## [TASK ITEM]
Please set down each entry exactly, omitting any picture it holds.

>>

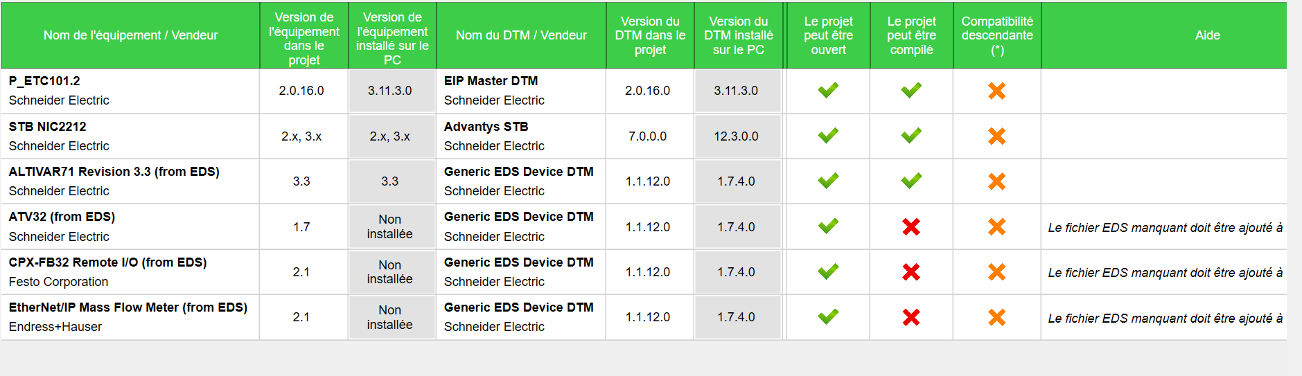 Mais il faut que le DTM résultant ait le même nom ("EtherNet/IP Mass Flow Meter (from EDS)") et la même version (2.1).
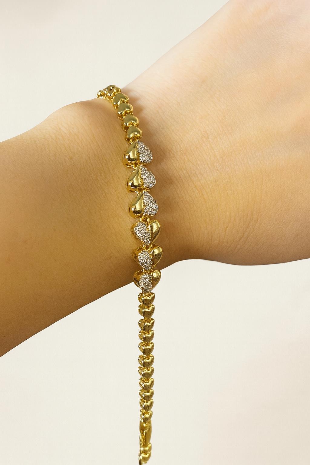 Xuping Özel Seri 14K Gold Taşlı Kaplı ve Plaka Kalpli Kuyumcu Model Bileklik – Aşk ve Şıklığın Buluşması
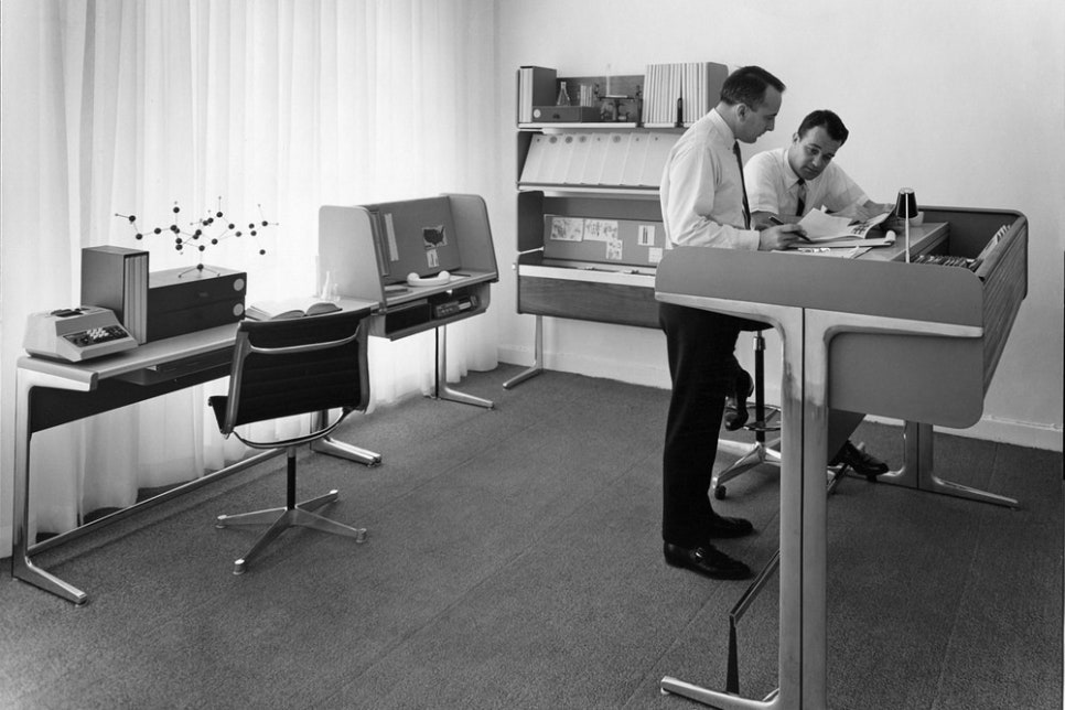 20세기 초반 이 문제를 단번에 해결한 것은 바로 우리 모두가 알고 있는 파티션이었습니다. 때는 1967년, 미국의 디자이너 로버트 프롭스트Robert Propst는 ‘액션 오피스’라는 이름으로, 각 사무원에게 자기만의 공간과 칸막이를 제공하는 새로운 형태의 인테리어를 시도합니다.
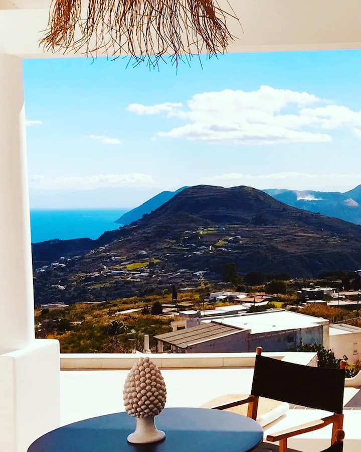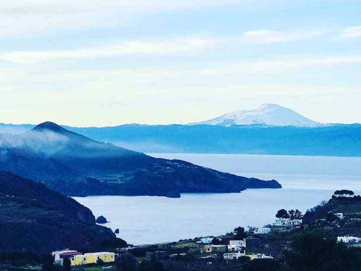 Fleti iliyo na bwawa dogo na mwonekano wa Vulcano
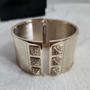 NWT Victoria's Secret VS Gold Toned Scandalous Rhinestone Cuff Hinged Bracelet. Limited Edition. 6 squared embellishments with triangle peaks, logo on back of bracelet. Plastic still intact for protection. In original box with padding. Brand new, never worn!
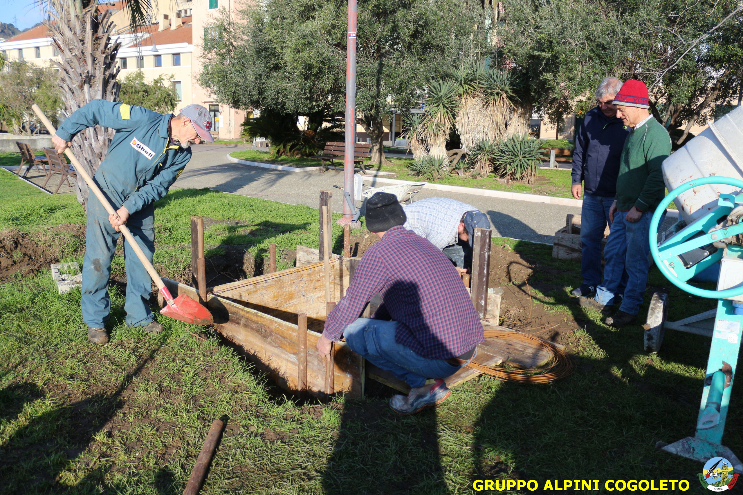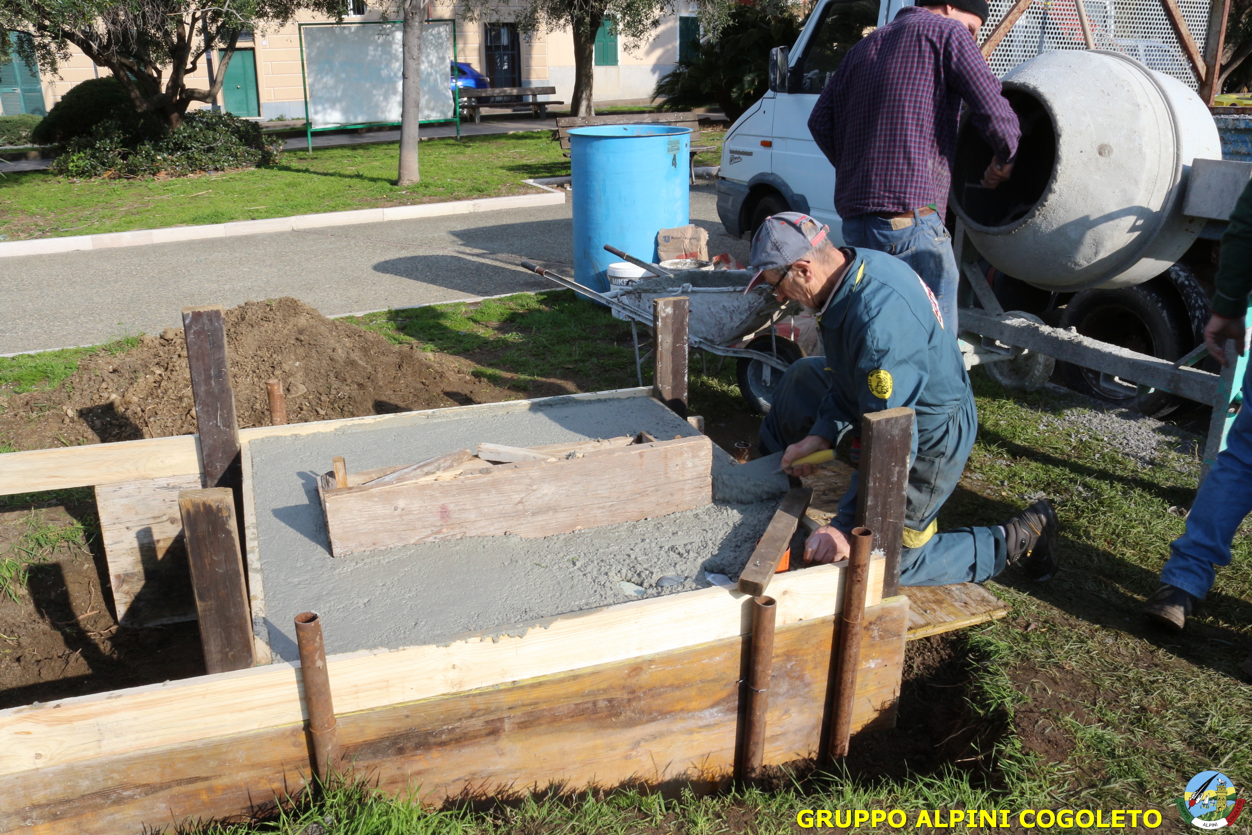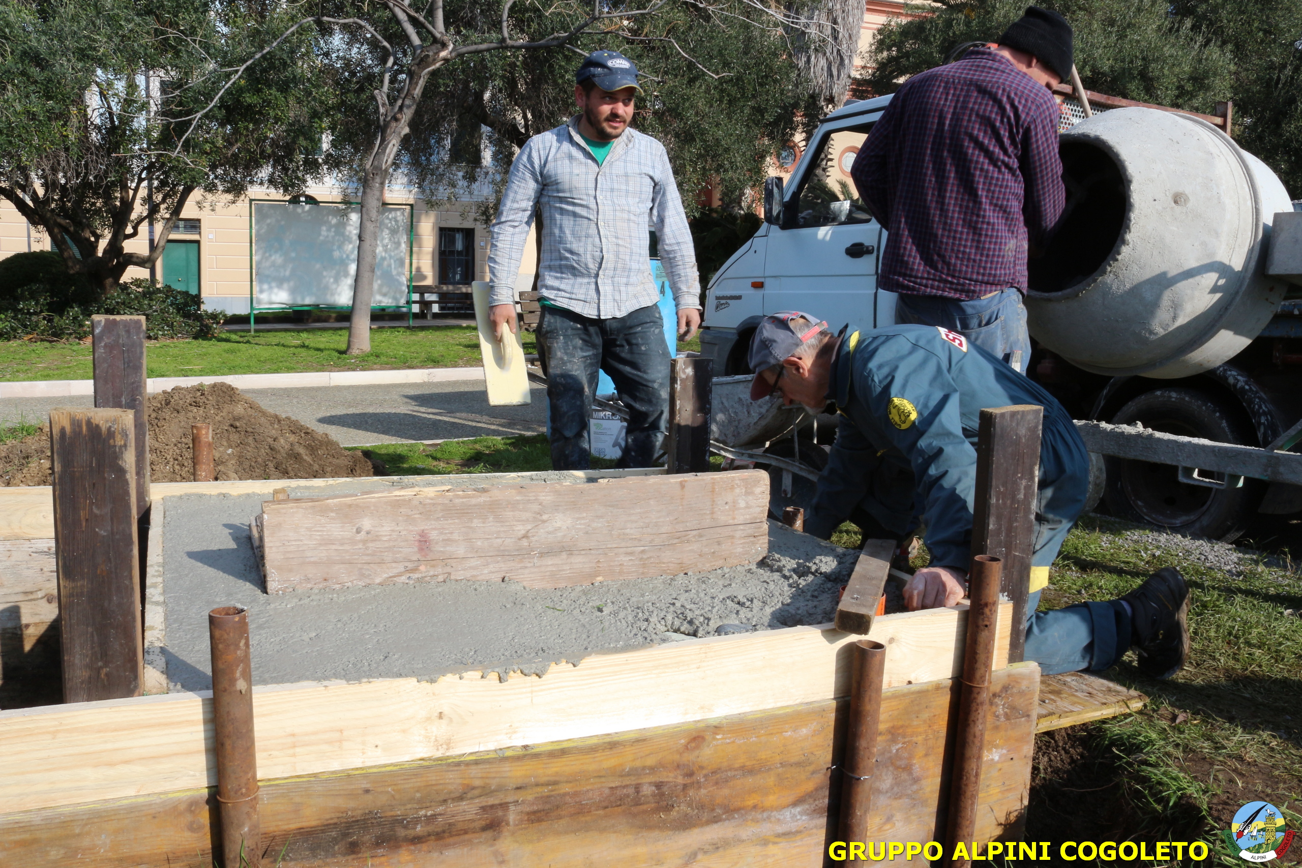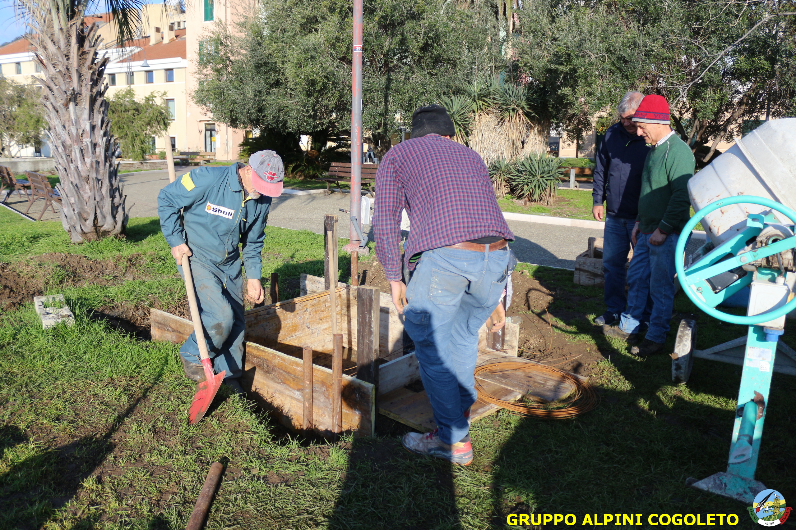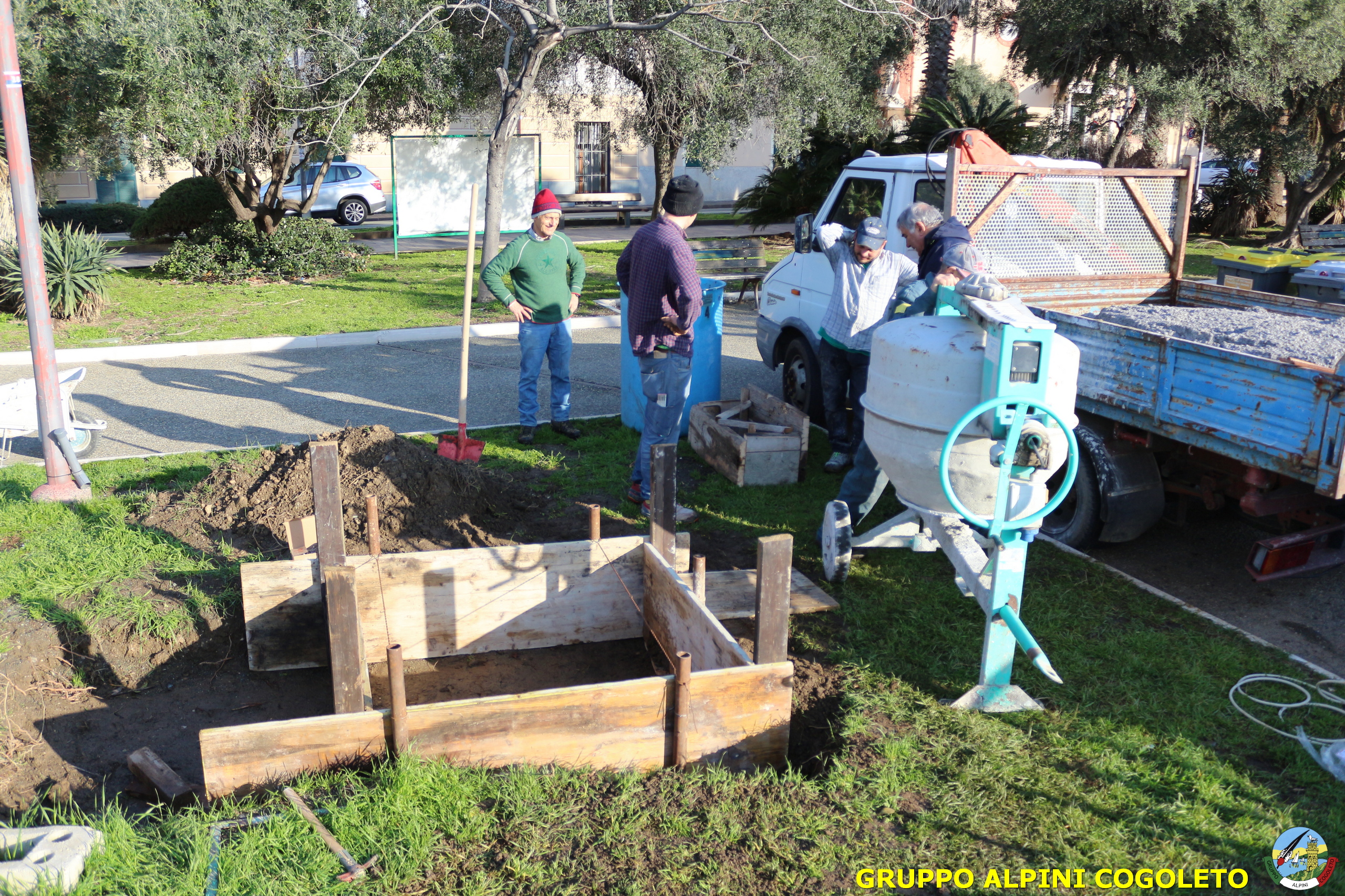 Oggi, 14 febbraio, è stata costruita la base del monumento, un modo per festeggiare San Valentino in maniera molto alternativa. Stamattina infatti appuntamento sul presto, presso lo scavo, per armare e gettare la base in calcestruzzo del monumento. Il socio aggregato Giampiero Calcagno (militare assolto nelle fila della specialità Bersaglieri) che è del mestiere, si è reso disponibile per effettuare il lavoro. Dopo aver caricato il necessario ieri sera, di buon ora è già al lavoro. Con lui i suoi operai Danilo e Paolo, coadiuvati da i nostri due Rossi (Gianni e Nicolino). In men che non si dica costruiscono cassaforma per la gettata, e dopo uno spuntino a base di focaccia si comincia ad impastare.

<<

## [COMPLETED EXERCISE]
 Mais il faut que le DTM résultant ait le même nom ("EtherNet/IP Mass Flow Meter (from EDS)") et la même version (2.1).
 Xuping Özel Seri 14K Gold Taşlı Kaplı ve Plaka Kalpli Kuyumcu Model Bileklik – Aşk ve Şıklığın Buluşması
 20세기 초반 이 문제를 단번에 해결한 것은 바로 우리 모두가 알고 있는 파티션이었습니다. 때는 1967년, 미국의 디자이너 로버트 프롭스트Robert Propst는 ‘액션 오피스’라는 이름으로, 각 사무원에게 자기만의 공간과 칸막이를 제공하는 새로운 형태의 인테리어를 시도합니다.
 Fleti iliyo na bwawa dogo na mwonekano wa Vulcano
 NWT Victoria's Secret VS Gold Toned Scandalous Rhinestone Cuff Hinged Bracelet. Limited Edition. 6 squared embellishments with triangle peaks, logo on back of bracelet. Plastic still intact for protection. In original box with padding. Brand new, never worn!
 Oggi, 14 febbraio, è stata costruita la base del monumento, un modo per festeggiare San Valentino in maniera molto alternativa. Stamattina infatti appuntamento sul presto, presso lo scavo, per armare e gettare la base in calcestruzzo del monumento. Il socio aggregato Giampiero Calcagno (militare assolto nelle fila della specialità Bersaglieri) che è del mestiere, si è reso disponibile per effettuare il lavoro. Dopo aver caricato il necessario ieri sera, di buon ora è già al lavoro. Con lui i suoi operai Danilo e Paolo, coadiuvati da i nostri due Rossi (Gianni e Nicolino). In men che non si dica costruiscono cassaforma per la gettata, e dopo uno spuntino a base di focaccia si comincia ad impastare.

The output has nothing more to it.